The Romney and Obama presidential campaigns are poised to begin accepting donations via text message -- but it may be a while before state and local candidates in the commonwealth can do the same.
Aubrey Montgomery, finance director for the Pennsylvania Democratic Party, said a state law could be interpreted to prohibit such contributions.
For a campaign to be able to accept texted donations, it needs to have an agreement with the wireless carrier.
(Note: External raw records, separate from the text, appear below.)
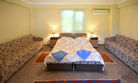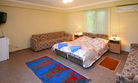 В номере 1 комната, двуспальная кровать, прикроватные тумбочки, диван, вешалка для одежды, столик, пуфик, зеркало, санузел с душем.
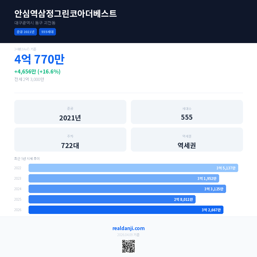 안심역삼정그린코아더베스트은(는) 2021년에 준공되었으며, 현재 5년차입니다. 총 555세대 규모입니다.
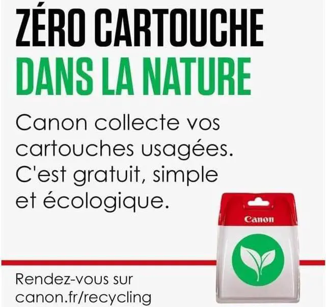 Zero cartridge in nature Canon collects your used cartridges, it's free, simple and environmentally friendly. Appointment on the Canon website with ink section
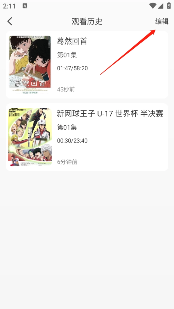 1、在首页点击右上角的观看历史。
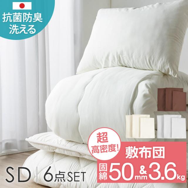 布団セット セミダブル 6点セット 布団 日本製 抗菌 防臭 清潔 国産 洗える 各カバー付 組布団 掛布団 固綿入り 敷布団 掛け布団 ふとんセット 敷き布団 枕 セミダブルサイズ 掛け敷き布団セット 新生活 寝具セット
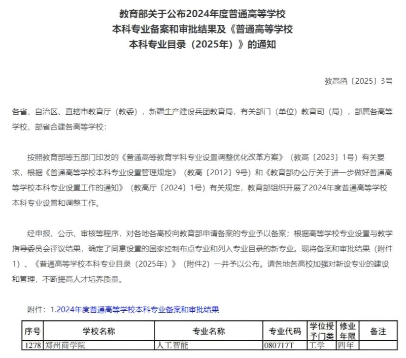 近日,教育部公布了2024年度普通高等学校本科专业备案和审批结果,我校申报的人工智能本科专业成功获批。
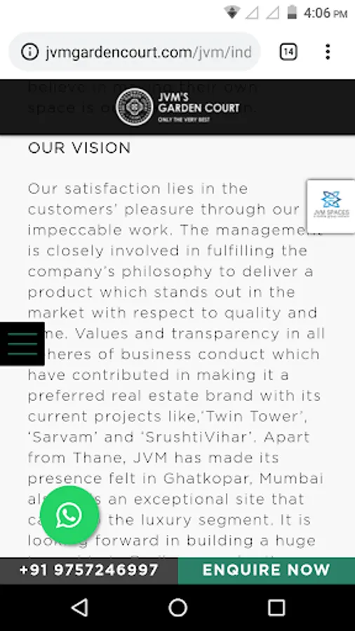 JVM Spaces believes in building spaces in terms of building homes with security that gives satisfaction financially and emotionally. JVM Spaces is one of the upcoming leaders in its market segments by providing the highest level of consumer satisfaction. Confidence building through providing the best of homes which enhances the value of the people who believe in making their own space is our main ambition.
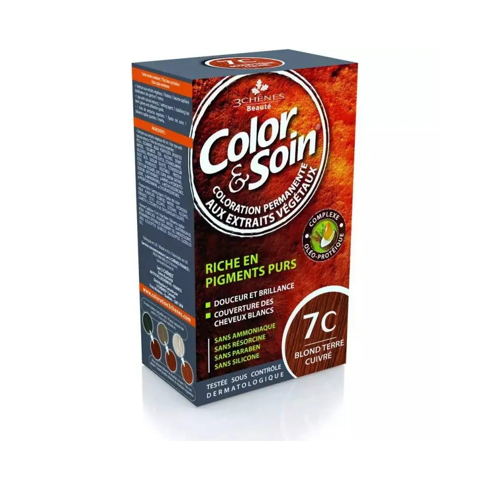 3 CHENES COLOR & SOIN COLORATION BLOND TERRE CUIVRE 7C est une coloration capillaire permanente formulée à base d'extraits végétaux, conçue pour teindre les cheveux en couvrant intégralement les cheveux blancs, tout en les protégeant et en les soignant.
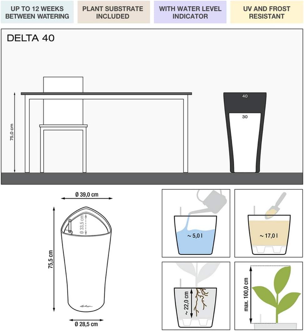 • ALL-IN-ONE: 1x Pflanzgefäss DELTAPremium, inkl. Bewässerungssystem, Pflanzsubstrat LECHUZA-PON als Drainageschicht und wechselbarem Pflanzeinsatz mit versenkbaren Griffen und Wasserstandsanzeiger. Material: Kunststoff Masse: 39 x 75,5 cm
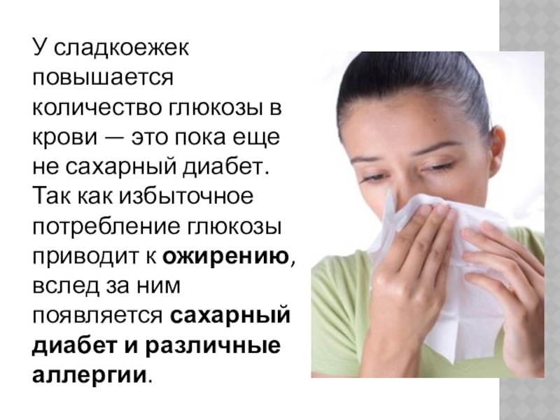 Слайд 8У сладкоежек повышается количество глюкозы в крови — это пока еще
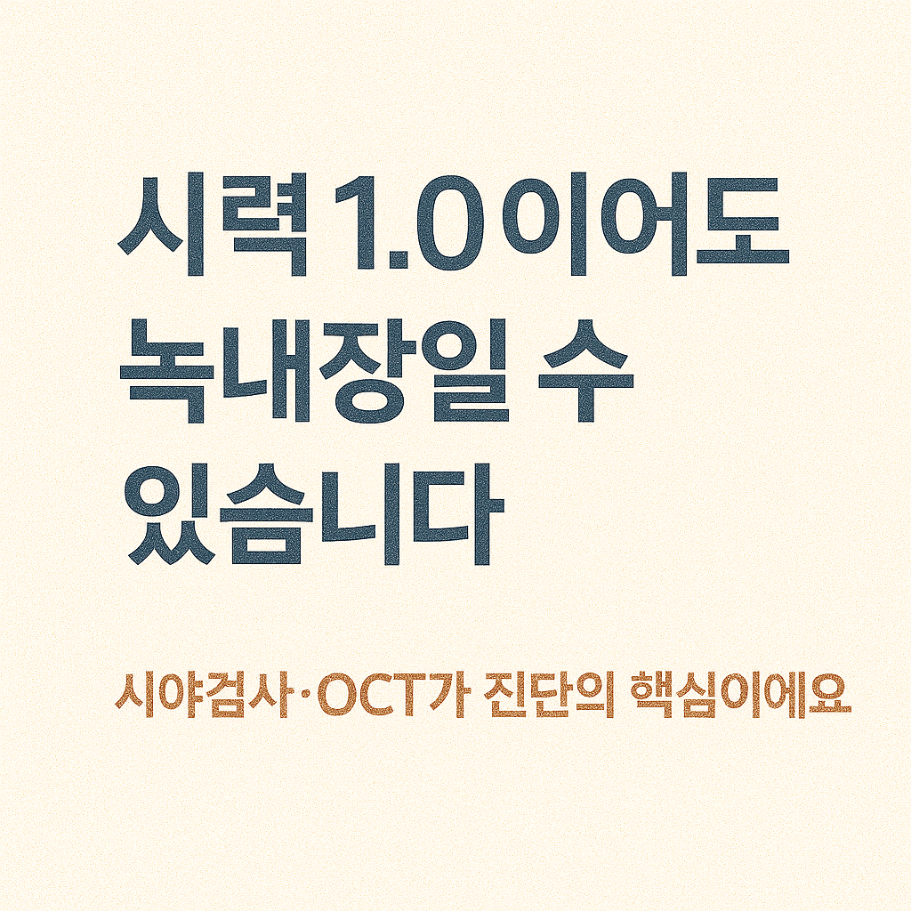 녹내장은 시력에 문제가 없더라도 시야에 이상이 생기는 ‘조용한 실명’ 질환으로, 정기적인 시야 검사와 시신경 검진 없이는 진단이 어렵습니다. 따라서 40세 이상이거나 고위험군(가족력, 고도근시, 당뇨 등)에 속하는 경우, 증상이 없더라도 1년에 한 번은 전문 안과에서 정밀 검진을 받는 것이 권장됩니다.

Montgomery said that could clash with Pennsylvania's law, which bans so-called aggregating third parties.
"If you have a Sprint contract, whether they would consider Sprint as being a third party, who was collecting all of this money on behalf of political campaigns," said Montgomery.
It's one thing to donate money to a charity via text message, but Montgomery says campaign finance rules make it a lot more complicated to make political donations with cell phones.
"A lot of people who have their cell phones through corporate accounts -- you know, that would be a corporate contribution if you used that cell phone to make a text contribution," said Montgomery. "So you'd want to make sure that they were legally allowed to contribute, that it was in fact their own funds and not, for example, from a corporation, or you know, someone else was paying their cell phone bill."
Montgomery said even if texted donations were approved by the commonwealth, the necessary contracts with wireless carriers may be too costly for most campaigns.
She said for now, campaigns in Pennsylvania have to rely on e-mail fundraising as the best way to collect money at the grass roots level.